Personal information
- Full name: José Batlle Perdomo Teixeira
- Date of birth: 5 January 1965 (age 61)
- Place of birth: Salto, Uruguay
- Height: 1.82 m (6 ft 0 in)
- Position: Central midfielder

Senior career*
- Years: Team / Apps / (Gls)
- 1983–1989: Peñarol / 149 / (34)
- 1989–1990: Genoa / 25 / (0)
- 1990: Coventry City / 4 / (0)
- 1990–1991: Real Betis / 6 / (1)
- 1991–1992: Gimnasia y Esgrima La Plata / 18 / (3)
- 1993: Peñarol / 9 / (0)
- Total:  / 211 / (38)

International career
- 1987–1990: Uruguay / 27 / (2)

Managerial career
- 2000: Villa Española
- 2002: Tacuarembó

Medal record
Representing Uruguay
Copa América
| Winner | 1987 Argentina |  |
| Runner-up | 1989 Brazil |  |

= José Perdomo =

Uruguayan footballer (born 1965)

José Batlle Perdomo Teixeira (born 5 January 1965) is a Uruguayan former professional footballer who played as a midfielder.

Born in Salto, he started his career with Club Atlético Peñarol in 1983, being later noted in 1989 by Genoa head coach Franco Scoglio during a South-American scouting visit, being signed by the rossoblu together with fellow Uruguayans Carlos "Pato" Aguilera and Rubén Paz.
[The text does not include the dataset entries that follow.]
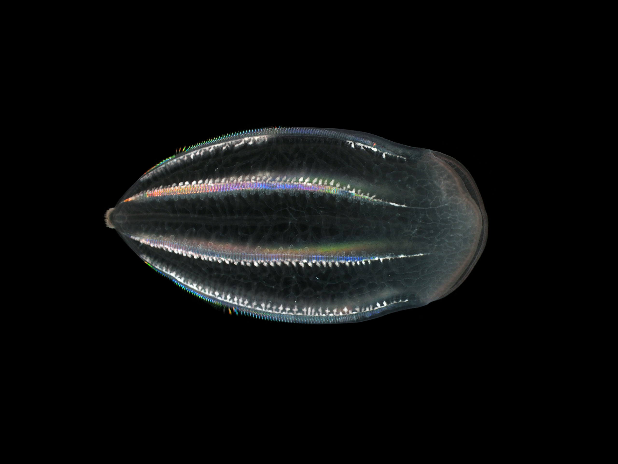 アミガサウリクラゲ Beroe forskalii Milne Edwards, 1841 ウリクラゲとよく似ているが、体は扁平で反口端は尖った円錐形に近く、水管は網目状になることから区別できる。日本沿岸の浅海域で見られるが、深海にも生息する。生物発光することが知られており、刺激を与えると体全体が青白く光る。この発光はホタルと同じ、熱をほとんど発しない冷光であると言われている。体長15 cmほどにまで成長する。(戸篠) 2026年2月 写真を追加 体長2 cmほどの幼体(高知県大月町産 2022年3月2日撮影) 高知県大月町産(2023年3月2日撮影) 櫛板に沿って卵が並ぶ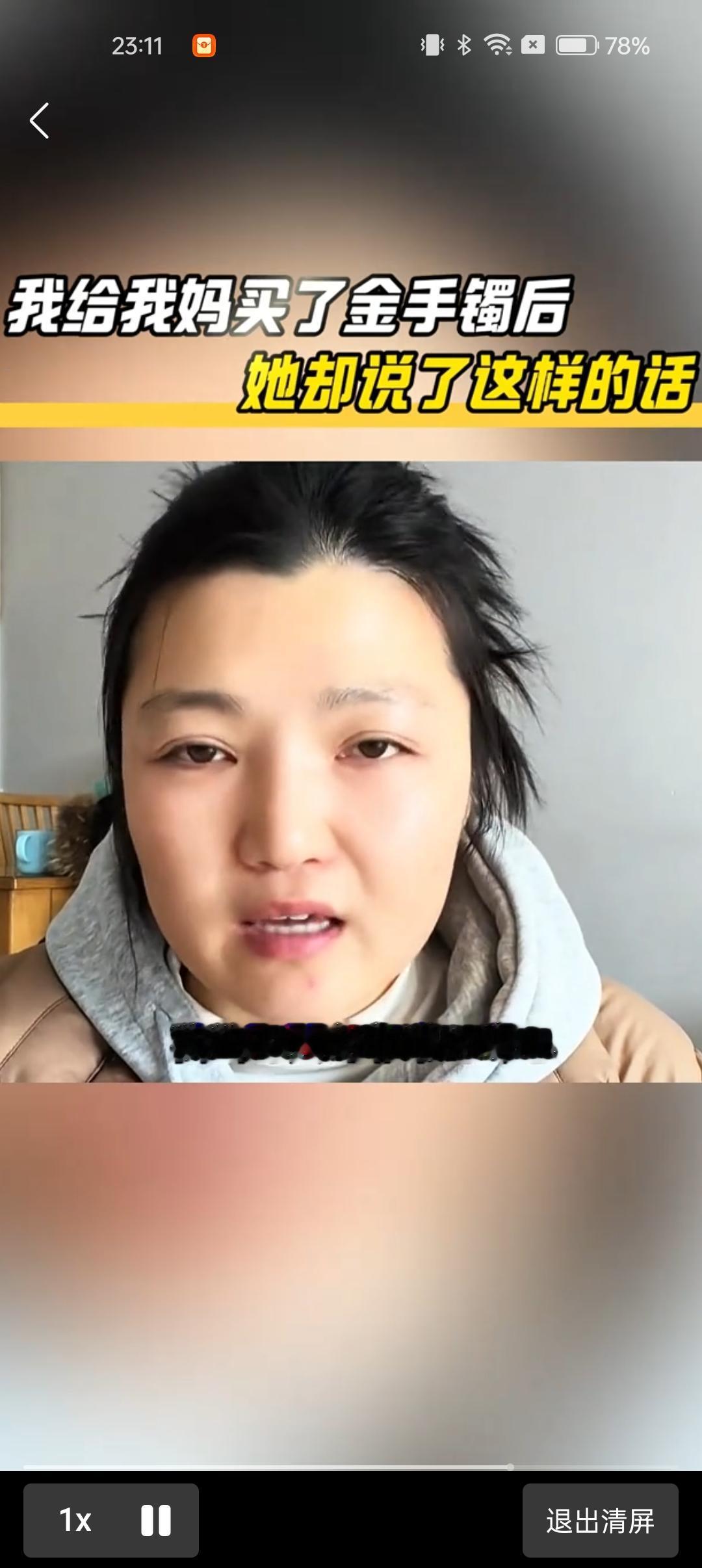 江苏,一妈妈过生日,女子给妈妈买了一个金手镯,本想表达孝心,想让妈妈开心,却没想到妈妈说了一句话,让女子心寒! “这个金手镯你给我了,以后我不在了,我也不会给你的,我会给儿媳妇。” 东西送出去,那东西处置权就在被送人手里。但这种场合,暖心话没有,礼貌的话没有,开头第一句话就是这个,让女子感觉一捧冷水迎面而来,浇她透心凉! 当时她爸爸,弟弟都在场,都没有发声。说明他们认同妈妈的说法,更支持妈妈的做法。 扎心的现实,重男轻女的事实,就像一把刀刺进女子的胸口。有些伤害一旦造成,就很难再愈合。或许这就是亲情里最无奈的地方,即使满心伤痛,却还是难以割舍。
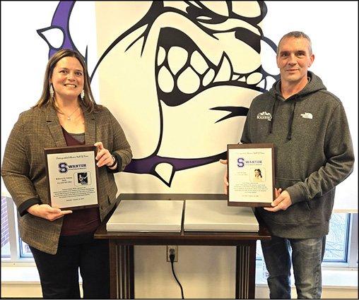 SHS DISTINGUISHED ALUMNI RECOGNIZED … University of Nebraska professor Associate Professor Dr. Rebecca Nelson (left) and Roof Ohio Owner Gene Wilson (right) stand with their plaques after being inducted into the Swanton High School Distinguished Alumni Hall of Fame on Friday.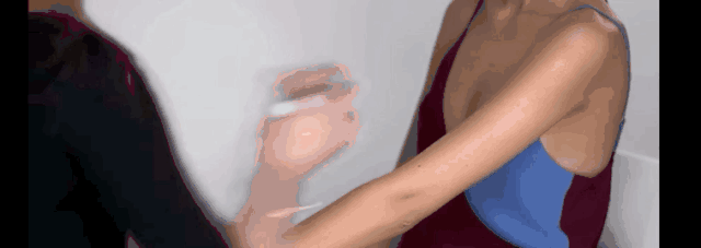 和腿部修容类似的是,胳膊的修容也是一样的原理。先均匀肤色,然后在从肩膀最高点开始往下延伸的一条直线上,涂上身体高光乳液。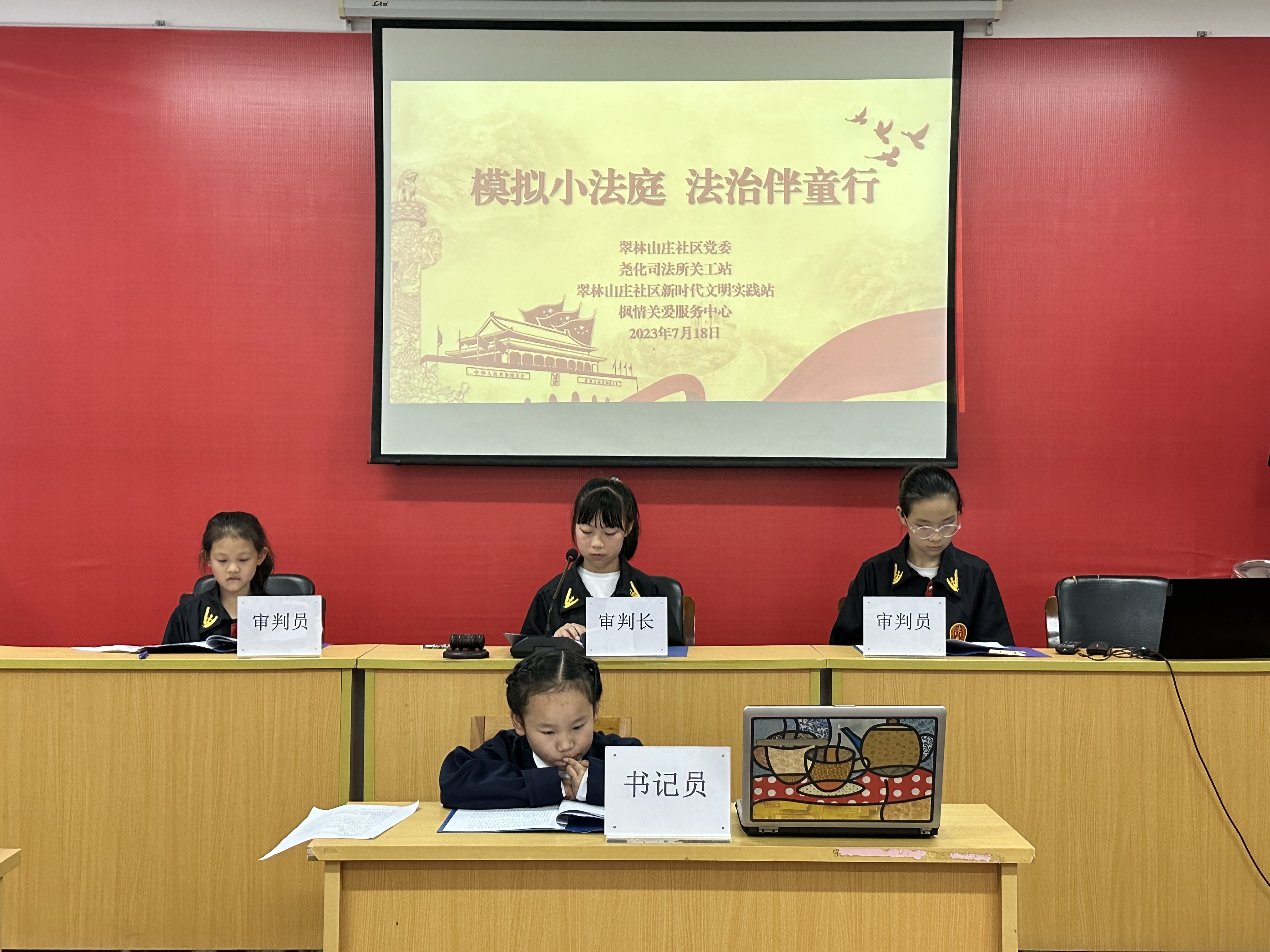为进一步提升未成年人法律意识,加强平安社区,营造未成年人学法、知法的法治氛围,帮助孩子们从小培养职业理想,预防未成年人违法犯罪,保障未成年人健康成长。7月18日,尧化街道未成年人保护工作站联合尧化司法所关工站、翠林山庄社区、枫情关爱服务中心共同开展“模拟小法庭,法治伴童行”——翠林山庄社区法治宣传进社区活动。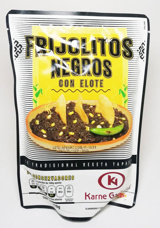 Frijol entero Negros con elote Karne Garibaldi en 420g / Haricots Noires cuisinés avec du piment et des graines de maïs blanc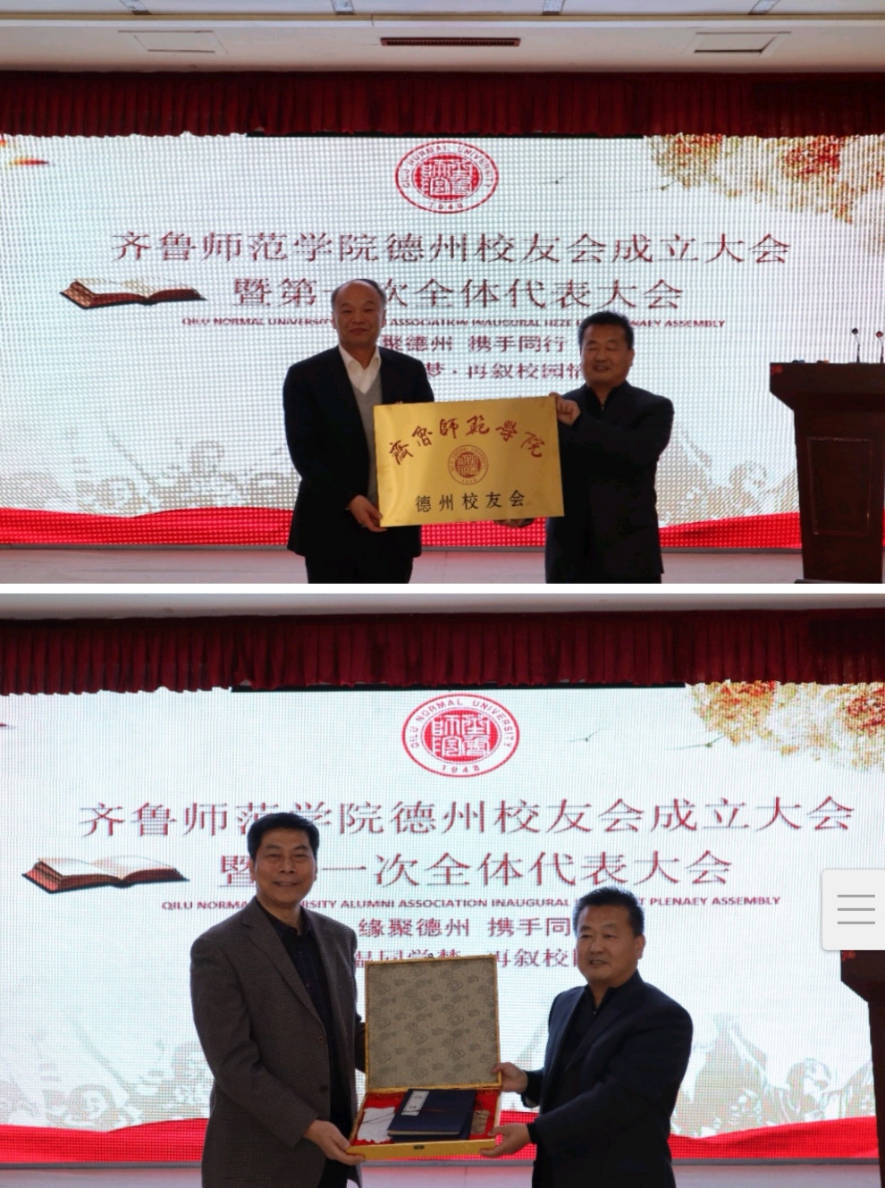 王玉华为37000cm威尼斯德州校友会授牌,张福建代表学校与德州校友会互赠礼物,无论校友与母校相距多远,校友与母校之间的情谊永存。

Perdomo, who was expected to be a mainstay of the Genoa midfield line, played 25 unimpressive matches, being remembered only for his lack of pace and acceleration, as well as excessively playing aggressively. His poor performances later led Vujadin Boškov, head coach of crosstown rivals Sampdoria, to one of his famous quotes, declared just before the 1989–90 city derby:
"If I unleash my dog, it plays better than Perdomo."

He was sold to Spanish side Real Betis for the 1990–91, where he made just six appearances, scoring one goal. He moved to Gimnasia y Esgrima La Plata one year later. A notable incident during this spell saw him score a goal against local rivals Estudiantes, which was celebrated so vigorously that it registered as an earthquake on the seismological equipment at the La Plata Astronomical Observatory 600 meters away. From this Perdomo gained the nickname Terremoto (earthquake). He retired in 1994 after a season with Peñarol.